Aussie Miasma

The boring assemblage of a boring life from Sydney, Australia.

27 November 2005

Poor & Fat

http://www.smh.com.au/news/health/poor-and-fat-/2005/11/26/1132966002659.html

20 November 2005

The ARM

The Australia Republican Movement     

I was handing out pamphlets today for the ARM (http://www.republic.org.au) and was quite stunned by the extreme apathy of the people at passing through the Glebe Fair. Most of them were ignoring me. Some were outright rude, whilst other looked away, or through me. Of those who were interested, the majority were enthusiastic and courteous. I used to think Australia was 51% monarchist, 49% republican. Now, I’m not so sure. I wouldn’t say 10% republican and 90% monarchist; more like 10% political and 90% apolitical and apathetic—to the point of ignorance.

There is a huge difference between informed apathy/apolity and uninformed a/a. I am afraid that education is crucial to creating an informed polity who is involved and enthusiastic about politics. Of course, it follows that uninformed masses are more desirable to the ‘system quo’ than an in formed body politic. I believe change cannot be thrust onto the deaf mass from the elite; rather the mass must be educated and be made aware of the machinations of politics so they lose the ‘dead eye suburbanite’ appearance as they amble through the Glebe Fair. The fact that this level of apathy was registered at an Inner West fair is most disturbing… I wonder how much it increases further west? Or maybe it is a paradox and pleasant delights away out West. Somehow though, if I am hold onto the thesis that education is key, I doubt there is a surprise awaiting us!

18 November 2005

My ID

I have been so fucken slack these last few weeks. I just want to finish my work and enjoy the summer like normal people. Why won’t you let me live?!

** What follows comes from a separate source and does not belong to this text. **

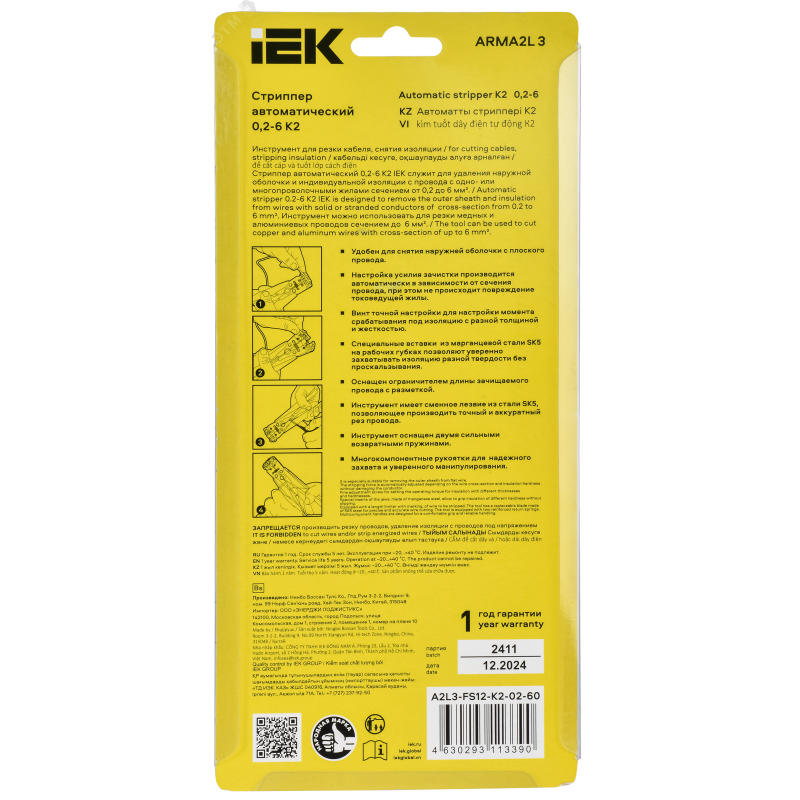 - Преимущества:Особенно удобен для снятия наружней оболочки с плоского провода. |Настройка усилия зачистки производится автоматически в зависимости от сечения провода, при этом не происходит повреждение токоведущей жилы.|В винт точной настройки для настройки момента срабатывания под изоляцию с разной толщиной и жесткостью.|Специальные вставки из марганцевой стали на рабочих губках позволяют уверенно захватывать изоляцию разной твердости без проскальзывания. |Оснащён ограничителем длины зачищаемого провода с разметкой.|Инструмент имеет сменное лезвие из стали SK5 позволяющее производить точный и аккуратный рез провода.|Инструмент оснащен двумя сильными возвратными пружинами. |Многокомпонентные рукоятки для надежного захвата и уверенного манипулирования.

I scary thought struck me not long ago today. Is my yearning/‘homesickness’ for Romania indicative of (a) my inability to be assimilated into Australia (and the implications for Aust. nation-building failing? (b) just my fault and not indicative of my generation/people in my similar circumstances/background, and therefore just my idiosyncrasy?          Worse, if I find a solution, what will it mean for who I am and what I must do to achieve happiness? I will write a letter to The Australian expressing my thoughts and invite responses via email.

07 November 2005

Riots Parisien

Hello this working. I am really hungry today. Just got back from an exam at Sydney Uni, and after I finish reheating last night's leftover Asian food and sausages, I plan to get cracking with some more essay writing. Riots in Paris had been going on now for 11 days, and I'm getting quite worrying. Am not sure why am I should be were it doesn't really affect me at all.  But the something disturbing about seeing France, a monument of Republicanism embroiled in such an ugly fight between groups.  I guess it also signifies a weakening--or the chance of one-- within the EU, which of course affects the rest of Europe and particularly those countries which have acceded or plan to exceed very soon. My food is almost ready so I should say goodbye and see you some other time.

05 November 2005

An island off the Norther Territory

Just look at the bizarre shape of the water! I looks so strange, like a leaf! Posted by Picasa

02 November 2005

Cold!

I have only today emerged from what I can say is a bad and annoying cold. The symptoms were the worst part: runny/red nose and headache. I was not happy! The timing was all wrong, because I have essays due. I have come up with a good story idea, a firm idea the likes of which I have not had since last year’s “I now know God”. When I have more time, I shall write it. We now have a car, which means we can travel more easily!